▸ **WORK ITEM**
Set down exactly the first line of the entries and every line after it, through the line with "To its credit, Groupon".
____ DATA TO PROCESS
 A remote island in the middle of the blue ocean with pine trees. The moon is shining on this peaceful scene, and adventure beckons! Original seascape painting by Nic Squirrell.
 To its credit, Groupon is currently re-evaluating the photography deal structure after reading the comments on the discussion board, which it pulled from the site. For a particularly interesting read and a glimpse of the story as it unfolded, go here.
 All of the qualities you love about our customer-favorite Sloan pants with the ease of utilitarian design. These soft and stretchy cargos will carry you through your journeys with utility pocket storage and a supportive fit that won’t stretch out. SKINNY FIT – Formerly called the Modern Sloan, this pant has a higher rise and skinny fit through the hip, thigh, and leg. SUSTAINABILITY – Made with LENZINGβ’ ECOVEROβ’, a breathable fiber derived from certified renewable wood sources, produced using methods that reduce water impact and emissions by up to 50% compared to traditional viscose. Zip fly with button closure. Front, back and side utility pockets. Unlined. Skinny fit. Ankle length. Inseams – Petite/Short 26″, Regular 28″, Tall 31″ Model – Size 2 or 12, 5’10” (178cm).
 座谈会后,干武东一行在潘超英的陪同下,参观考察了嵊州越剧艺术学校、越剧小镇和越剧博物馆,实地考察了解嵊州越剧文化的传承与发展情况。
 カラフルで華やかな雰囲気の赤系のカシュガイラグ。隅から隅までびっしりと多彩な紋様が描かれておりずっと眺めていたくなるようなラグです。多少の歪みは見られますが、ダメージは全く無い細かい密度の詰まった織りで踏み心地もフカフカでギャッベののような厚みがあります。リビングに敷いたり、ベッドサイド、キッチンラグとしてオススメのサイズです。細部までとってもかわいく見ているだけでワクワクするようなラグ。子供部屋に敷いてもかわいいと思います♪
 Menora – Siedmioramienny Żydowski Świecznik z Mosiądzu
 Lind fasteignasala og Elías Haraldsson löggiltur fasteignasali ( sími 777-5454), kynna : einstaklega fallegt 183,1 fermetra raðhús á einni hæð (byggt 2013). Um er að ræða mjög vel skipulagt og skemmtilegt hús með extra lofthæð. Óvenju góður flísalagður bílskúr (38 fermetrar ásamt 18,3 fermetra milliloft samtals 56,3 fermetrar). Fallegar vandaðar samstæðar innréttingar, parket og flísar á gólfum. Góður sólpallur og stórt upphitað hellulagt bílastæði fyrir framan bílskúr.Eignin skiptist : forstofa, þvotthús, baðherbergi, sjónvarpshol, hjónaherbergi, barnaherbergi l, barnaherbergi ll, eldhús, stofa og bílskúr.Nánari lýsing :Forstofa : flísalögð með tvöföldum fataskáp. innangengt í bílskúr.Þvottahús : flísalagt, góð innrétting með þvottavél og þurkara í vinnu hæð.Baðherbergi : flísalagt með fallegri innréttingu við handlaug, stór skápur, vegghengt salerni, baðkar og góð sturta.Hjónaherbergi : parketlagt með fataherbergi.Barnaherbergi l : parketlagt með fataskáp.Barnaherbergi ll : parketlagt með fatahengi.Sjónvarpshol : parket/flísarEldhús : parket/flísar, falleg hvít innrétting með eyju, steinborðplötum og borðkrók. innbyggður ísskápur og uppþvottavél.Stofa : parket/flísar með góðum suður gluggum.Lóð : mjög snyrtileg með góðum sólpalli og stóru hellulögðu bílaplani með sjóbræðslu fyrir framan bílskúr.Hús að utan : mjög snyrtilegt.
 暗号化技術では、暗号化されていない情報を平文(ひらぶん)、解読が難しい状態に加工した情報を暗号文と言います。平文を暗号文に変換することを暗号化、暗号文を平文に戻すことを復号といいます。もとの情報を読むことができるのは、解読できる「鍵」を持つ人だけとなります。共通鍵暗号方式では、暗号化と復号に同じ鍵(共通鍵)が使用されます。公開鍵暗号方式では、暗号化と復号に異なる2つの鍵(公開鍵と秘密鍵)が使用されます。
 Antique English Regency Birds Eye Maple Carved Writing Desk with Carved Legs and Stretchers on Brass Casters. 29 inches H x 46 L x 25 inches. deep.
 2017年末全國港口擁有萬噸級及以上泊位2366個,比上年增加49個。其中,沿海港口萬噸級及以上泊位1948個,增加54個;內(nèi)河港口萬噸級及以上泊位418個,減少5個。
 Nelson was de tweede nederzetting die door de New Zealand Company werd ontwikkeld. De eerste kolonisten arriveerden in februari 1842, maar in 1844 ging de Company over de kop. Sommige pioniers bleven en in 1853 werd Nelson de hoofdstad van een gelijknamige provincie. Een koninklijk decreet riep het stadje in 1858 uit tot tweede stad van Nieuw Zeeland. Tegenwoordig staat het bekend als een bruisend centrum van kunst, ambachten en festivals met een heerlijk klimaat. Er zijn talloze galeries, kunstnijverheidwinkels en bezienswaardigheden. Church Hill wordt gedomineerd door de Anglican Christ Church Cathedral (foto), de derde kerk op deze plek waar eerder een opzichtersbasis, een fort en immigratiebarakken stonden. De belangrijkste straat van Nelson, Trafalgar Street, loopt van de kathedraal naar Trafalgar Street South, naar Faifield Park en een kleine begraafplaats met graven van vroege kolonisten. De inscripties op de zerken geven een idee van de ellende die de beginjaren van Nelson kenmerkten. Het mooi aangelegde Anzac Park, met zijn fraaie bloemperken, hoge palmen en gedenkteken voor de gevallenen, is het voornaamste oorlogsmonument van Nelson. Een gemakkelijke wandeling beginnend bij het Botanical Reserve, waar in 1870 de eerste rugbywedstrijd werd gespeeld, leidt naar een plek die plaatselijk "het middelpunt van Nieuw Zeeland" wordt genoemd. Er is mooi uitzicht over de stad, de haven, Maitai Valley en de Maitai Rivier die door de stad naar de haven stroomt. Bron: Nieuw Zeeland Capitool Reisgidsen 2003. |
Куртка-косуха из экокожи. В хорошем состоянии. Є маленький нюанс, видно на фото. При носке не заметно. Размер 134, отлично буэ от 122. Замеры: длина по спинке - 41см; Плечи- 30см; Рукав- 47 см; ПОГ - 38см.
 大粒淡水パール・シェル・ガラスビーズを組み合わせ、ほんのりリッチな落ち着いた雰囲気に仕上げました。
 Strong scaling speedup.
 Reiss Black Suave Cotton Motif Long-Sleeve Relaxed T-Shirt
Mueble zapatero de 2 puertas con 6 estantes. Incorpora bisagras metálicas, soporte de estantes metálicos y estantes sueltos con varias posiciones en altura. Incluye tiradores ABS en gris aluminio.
________
▸ **REPLY**
 A remote island in the middle of the blue ocean with pine trees. The moon is shining on this peaceful scene, and adventure beckons! Original seascape painting by Nic Squirrell.
 To its credit, Groupon is currently re-evaluating the photography deal structure after reading the comments on the discussion board, which it pulled from the site. For a particularly interesting read and a glimpse of the story as it unfolded, go here.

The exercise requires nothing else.